Exercise directions: From the entries below, print exactly the span beginning with the line holding "Jhunsi (6 km)" and ending with the line holding "Dit sprookjesachtige keramieken", endpoints included, and skip any pictures.

Data supplied:
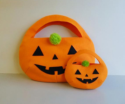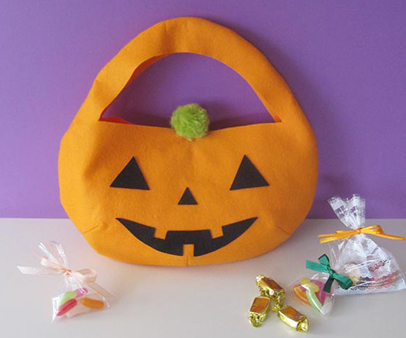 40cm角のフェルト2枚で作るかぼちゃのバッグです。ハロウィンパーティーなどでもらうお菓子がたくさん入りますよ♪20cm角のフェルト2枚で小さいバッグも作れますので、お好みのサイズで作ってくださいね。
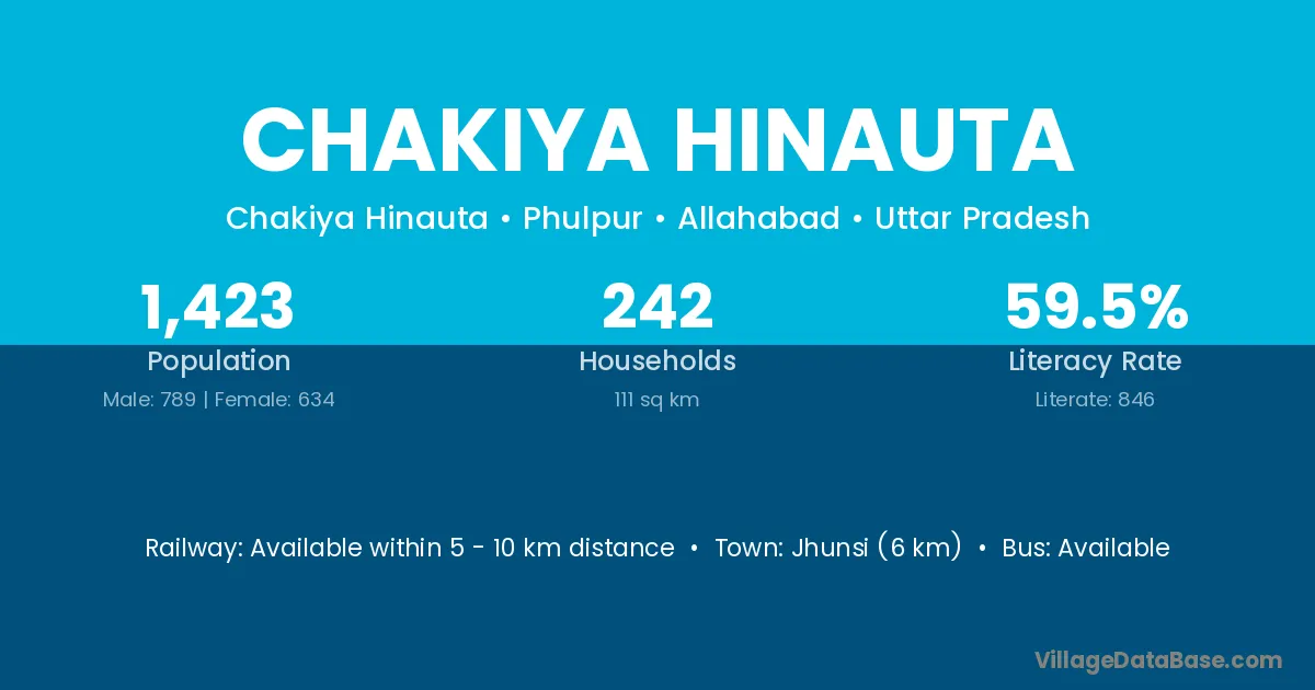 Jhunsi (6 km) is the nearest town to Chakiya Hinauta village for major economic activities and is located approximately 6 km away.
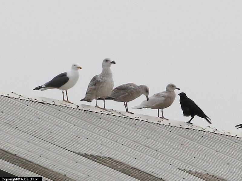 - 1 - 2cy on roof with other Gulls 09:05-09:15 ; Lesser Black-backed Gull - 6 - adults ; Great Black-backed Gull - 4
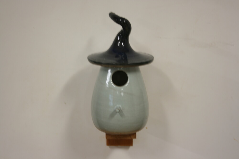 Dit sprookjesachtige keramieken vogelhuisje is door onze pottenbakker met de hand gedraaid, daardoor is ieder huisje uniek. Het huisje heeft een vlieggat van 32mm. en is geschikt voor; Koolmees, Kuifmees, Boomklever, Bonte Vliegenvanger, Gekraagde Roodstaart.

...

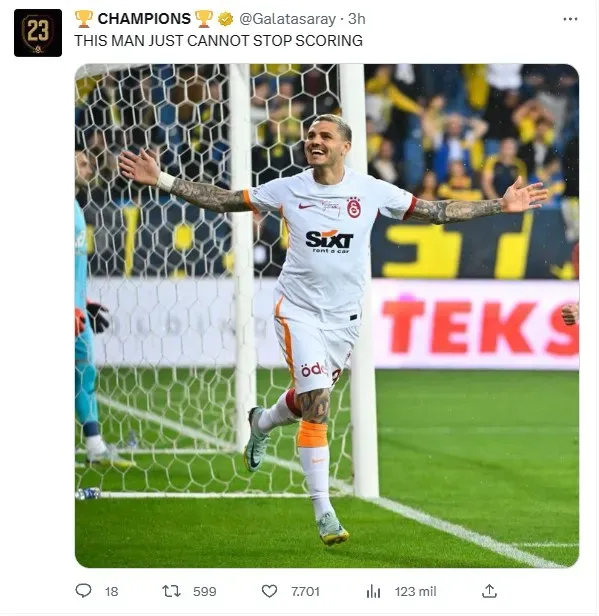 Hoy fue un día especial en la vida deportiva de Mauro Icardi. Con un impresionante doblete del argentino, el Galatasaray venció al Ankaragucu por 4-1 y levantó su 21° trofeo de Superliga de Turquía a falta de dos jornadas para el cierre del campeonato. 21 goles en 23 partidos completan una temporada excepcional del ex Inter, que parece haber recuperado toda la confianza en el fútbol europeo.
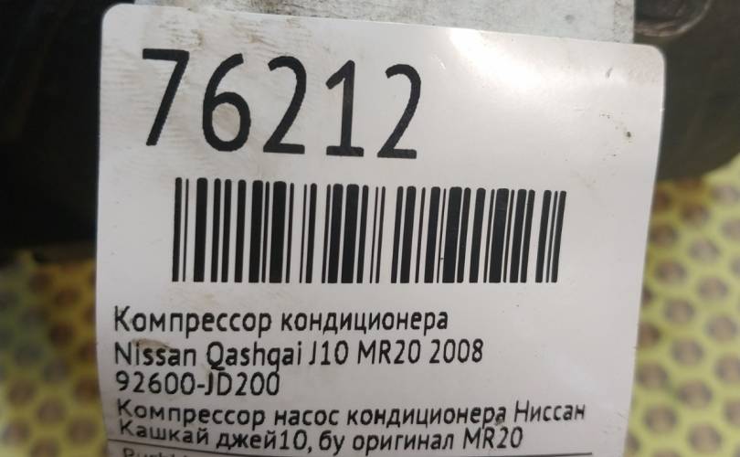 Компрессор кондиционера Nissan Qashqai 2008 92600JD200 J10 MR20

---

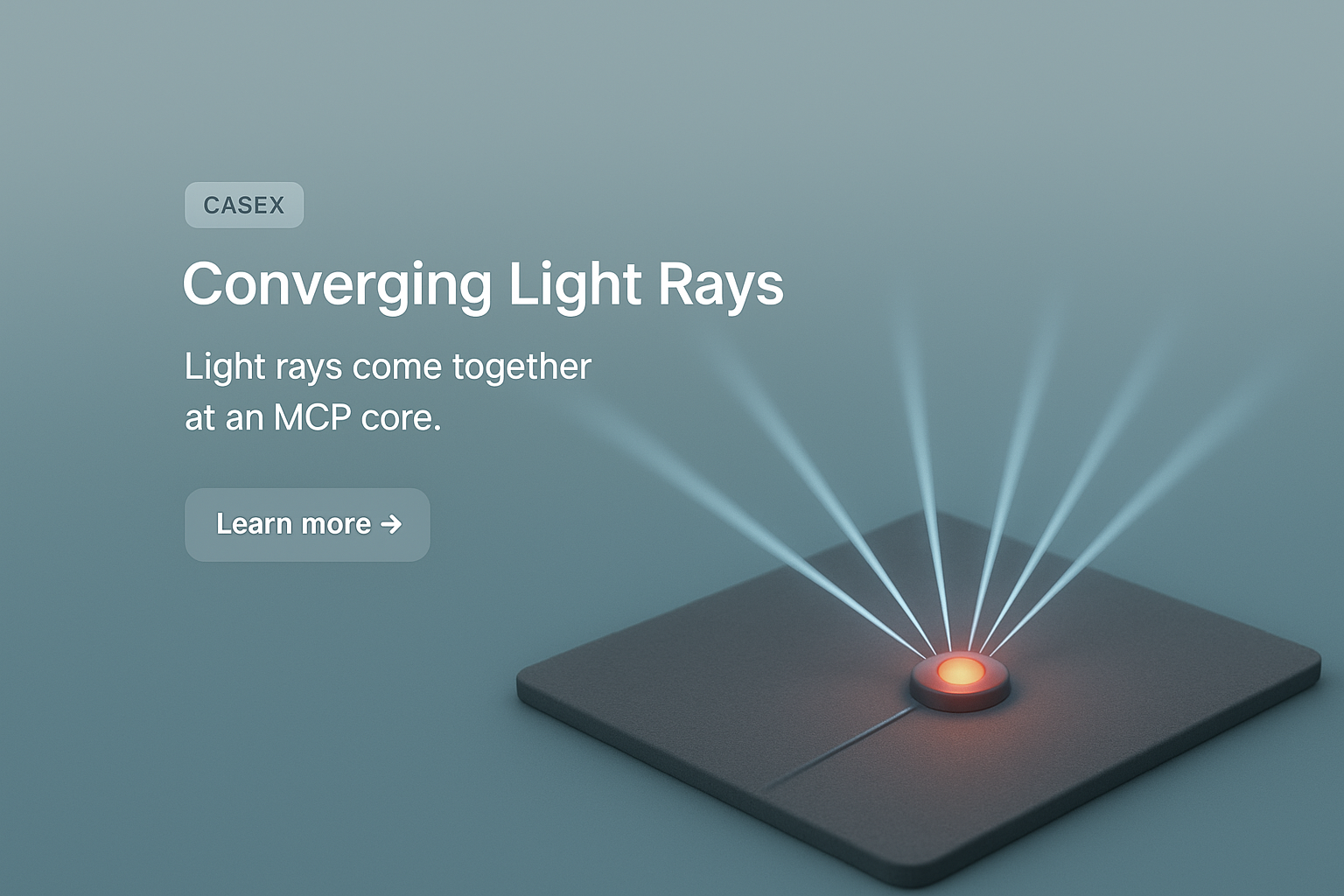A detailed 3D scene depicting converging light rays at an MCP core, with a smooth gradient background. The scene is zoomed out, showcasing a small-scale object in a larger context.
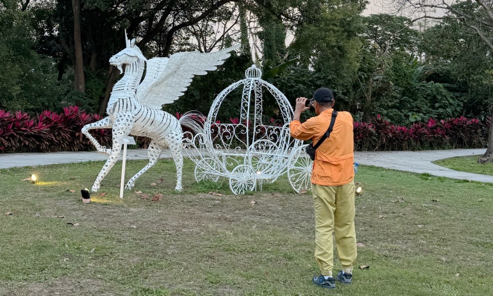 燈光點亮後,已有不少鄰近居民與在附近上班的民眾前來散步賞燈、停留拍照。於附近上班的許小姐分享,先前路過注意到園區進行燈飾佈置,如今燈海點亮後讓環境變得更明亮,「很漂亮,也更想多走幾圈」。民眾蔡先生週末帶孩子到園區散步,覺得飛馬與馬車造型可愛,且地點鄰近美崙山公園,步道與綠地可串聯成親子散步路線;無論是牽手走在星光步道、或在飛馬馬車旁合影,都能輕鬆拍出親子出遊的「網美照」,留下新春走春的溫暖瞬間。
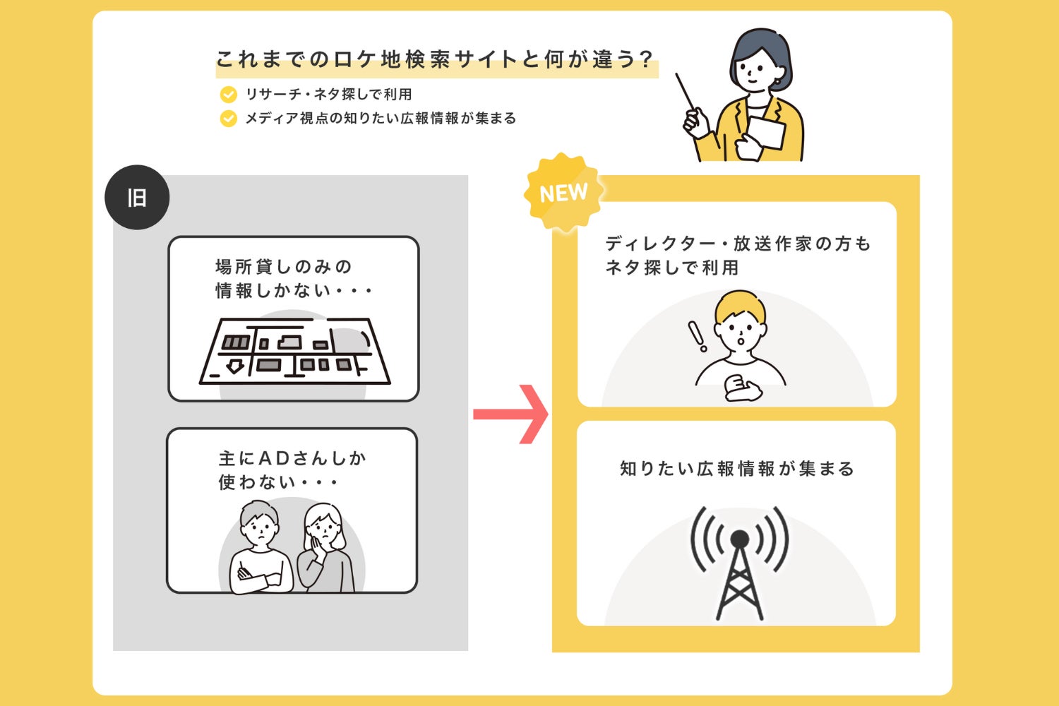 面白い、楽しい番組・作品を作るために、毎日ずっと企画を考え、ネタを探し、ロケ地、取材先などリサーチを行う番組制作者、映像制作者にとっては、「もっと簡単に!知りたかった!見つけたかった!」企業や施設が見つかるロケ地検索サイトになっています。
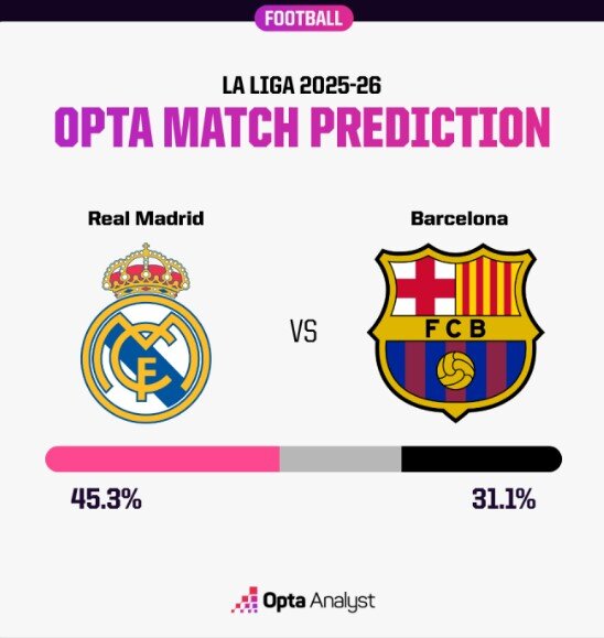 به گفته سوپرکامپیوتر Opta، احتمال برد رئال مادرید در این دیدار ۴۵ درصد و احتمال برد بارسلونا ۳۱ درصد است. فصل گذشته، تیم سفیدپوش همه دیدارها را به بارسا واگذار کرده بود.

Response area:
 Jhunsi (6 km) is the nearest town to Chakiya Hinauta village for major economic activities and is located approximately 6 km away.
 - 1 - 2cy on roof with other Gulls 09:05-09:15 ; Lesser Black-backed Gull - 6 - adults ; Great Black-backed Gull - 4
 Dit sprookjesachtige keramieken vogelhuisje is door onze pottenbakker met de hand gedraaid, daardoor is ieder huisje uniek. Het huisje heeft een vlieggat van 32mm. en is geschikt voor; Koolmees, Kuifmees, Boomklever, Bonte Vliegenvanger, Gekraagde Roodstaart.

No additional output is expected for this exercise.